İstanbul’un merkezindeki bir parkın nasıl düzenleneceğinin kendilerine sorulmamasını protesto edenlerin başlattığı barışçıl itiraz, AKP iktidarının tahammülsüzlüğü ve saldırganlığı ile 8 gencin ölümü, 11 kişinin göz kaybı, binlerce yaralanma ve göz altılarla sürdü.
O dönemde pik noktasına ulaşan polisin “orantısız güç kullanma” durumu, ülkenin her yerinde demokratik protesto hakkının kullanılmasına yöneldi. İktidara yönelik her eleştiri polis şiddetiyle, haksız ve keyfi baskılarla karşı karşıya kaldı.
Meydanlar, sokaklar demokratik gösteri hakkının kullanılmasına kapatıldı. Başbakan Erdoğan, polis in orantısız güç kullanmasını engelleyeceğine teşvik etti. Artan ivmeyle devam eden ve bugün de süren polisin orantısız güç kullanmasını cezasız bırakarak cesaretlendirdi ve kışkırtıcı bir dili kullanmaya devam etti.
Ancak ülkenin dört bir yanında emeğine, parkına, ağacına, deresine, suyuna, soluduğu havaya, yaşamına, haklarına sahip çıkanlar bütün baskılara rağmen insani değerlerinden, demokratik taleplerinden vazgeçmediler. Sermayenin topluma dayattığı rant projeleri karşısında, yaşanılır kent talebi, daha fazla özgürlük ve daha fazla demokrasi talebiyle birleşti.
Gezi Direnişi, ekolojik dengenin altüst edilmesine, her parka ve yeşil alana bir AVM dikme hevesine, ranta dayalı kent dönüşümüne ve elbette bütün bunların temsilcisi olan AKP iktidarına karşı bir tepkiydi. Gezi Direnişi, yerel demokrasiden başlayan bir genel demokrasi talebiydi ve açığa çıkardığı çoğul muhalefet ile toplum, kent ve demokrasi tarihimizde onurlu bir iz yarattı. Gezi için sokağa çıkanlarla, Soma madenci katliamı karşısında sesini yükseltenlerin ve Lice’de karakol yapımına karşı mücadele edenlerin ortak mücadele ruhunu yakalaması büyük önem taşıyor.
Gezi Direnişinin birinci yıldönümünde, direnişi doğuran koşulların ve ortamın değişmediğini görüyorum. Demokratik ve sosyal bir cumhuriyet, daha özgür bir Türkiye hedefi için mücadeleyi büyütme ihtiyacı o günden bugüne azalmadı, arttı. Kürt halkı ve Aleviler başta olmak üzere, halklarımızın barış ve eşitlik talepleri adına yeni bir adım atılmadığı gibi, her geçen gün artan gerginlik kaygılarımızı büyütüyor.

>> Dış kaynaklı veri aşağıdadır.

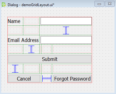 The form will now appear as shown in the following screenshot: - Save the application by name as demoGridLayout.ui.

Karakol-kalekol inşaatlarına karşı haklı bir direniş gösterenlere örneğin Lice’de yapılan saldırılar, Rojava sınırından geçmek isteyen kadın ve çocuklara, Okmeydanı’nda Alevi yurttaşlara yönelik cinayetler sadece bazı örnekleri oluşturuyor. Sermayenin her geçen gün yaşam ve yaşam alanlarına yönelik saldırganlığı devam ediyor; bedelini ise emekçiler, işçiler, halklar ve tüm ekosistem ödüyor.
Siyasi iktidar karşısında kapsayıcı bir ortak mücadele ihtiyacı apaçık ortada. Cumhurbaşkanlığı seçimi ve ardından milletvekili genel seçiminde bu siyasi ihtiyaç doğru kavranmadıkça, Başbakan Erdoğan ve AKP, yürüdükleri hedefe doğru adımlarını daha sık atacaktır.
AKP’nin “tek adam” rejimine doğru yürüyüşünü engellemek, Cemaat-CHP-MHP üçgeninin rızasını aramaktan değil, Gezi Direnişi’ndeki mücadele anlayışını gerçek bir alternatif siyasete büründürmekten geçtiği bilinmelidir. Şiddete ve adaletsizliğe, eşitsizlik ve baskıya karşı özgürlük ve demokrasiyi kazanmak için yapılması gereken budur.
Şantiyelerde, madenlerde, Reyhanlı’da, Roboski’de, Gezi Direnişi’nde, Rojava’da, özgürlük ve demokrasi mücadelelerinde katledilen canların geride bıraktıklarından biricik isteği demokratik özgür bir ülkede bir arada kardeşçe yaşanmasıdır. Bu dileği yerine getirmek için tüm gücümüzle ele vererek çalışmalıyız.